=== PROBLEM REQUIREMENTS ===
Without any of its pictures, the listing below should be output exactly.

=== SUPPLIED DATA ===
________

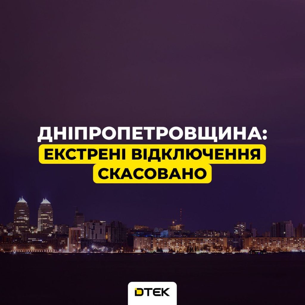💡Дніпропетровщина: екстрені відключення скасовано
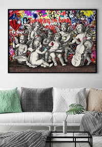 Graffiti, Urban Art poster print which shows an urban tagged graffiti wall after these Cheeky Cherubs have had their way.
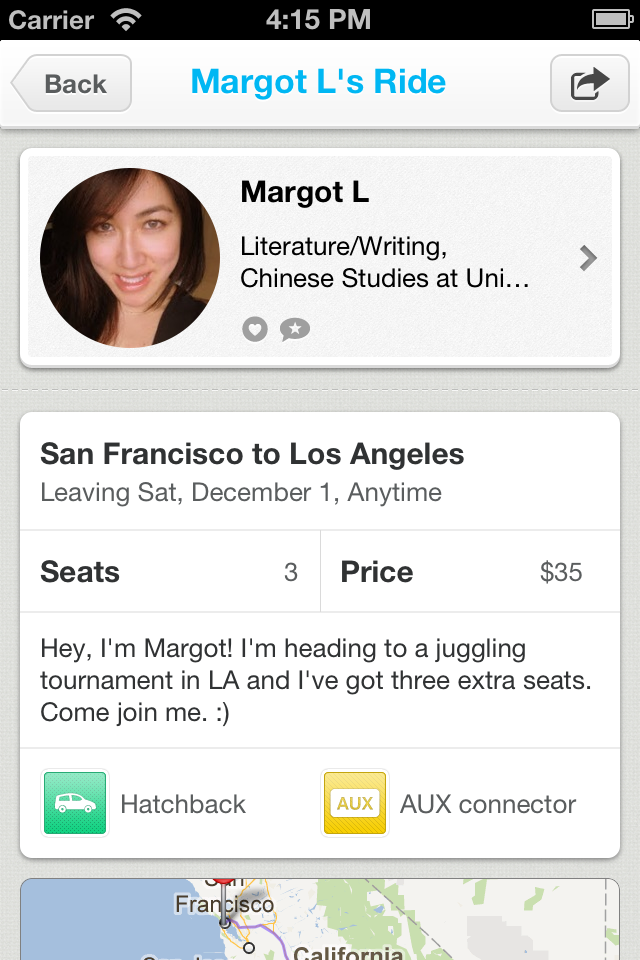 For those unfamiliar, the YC-backed startup brings people together for long-distance road trips (which they define as those trips over 50 miles), allowing drivers to “sell” their extra seats to riders for cheap. Now that it has 3K active rides listed at any given time and some money in the bank, the startup is looking to expose its ride-sharing experience to a new audience with the launch of a new iPhone app.
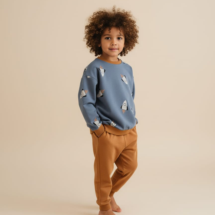Sudadera fina de french terry con estampado de divertidos cohetes. Puño, cuello y bajos en color camel. Composición: 96% algodón y 4% elastano. Sudadera ancha y abrigada para vestir con comodidad y estilo este invierno.

________

=== RESPONSE ===
💡Дніпропетровщина: екстрені відключення скасовано
 Graffiti, Urban Art poster print which shows an urban tagged graffiti wall after these Cheeky Cherubs have had their way.
 For those unfamiliar, the YC-backed startup brings people together for long-distance road trips (which they define as those trips over 50 miles), allowing drivers to “sell” their extra seats to riders for cheap. Now that it has 3K active rides listed at any given time and some money in the bank, the startup is looking to expose its ride-sharing experience to a new audience with the launch of a new iPhone app.
Sudadera fina de french terry con estampado de divertidos cohetes. Puño, cuello y bajos en color camel. Composición: 96% algodón y 4% elastano. Sudadera ancha y abrigada para vestir con comodidad y estilo este invierno.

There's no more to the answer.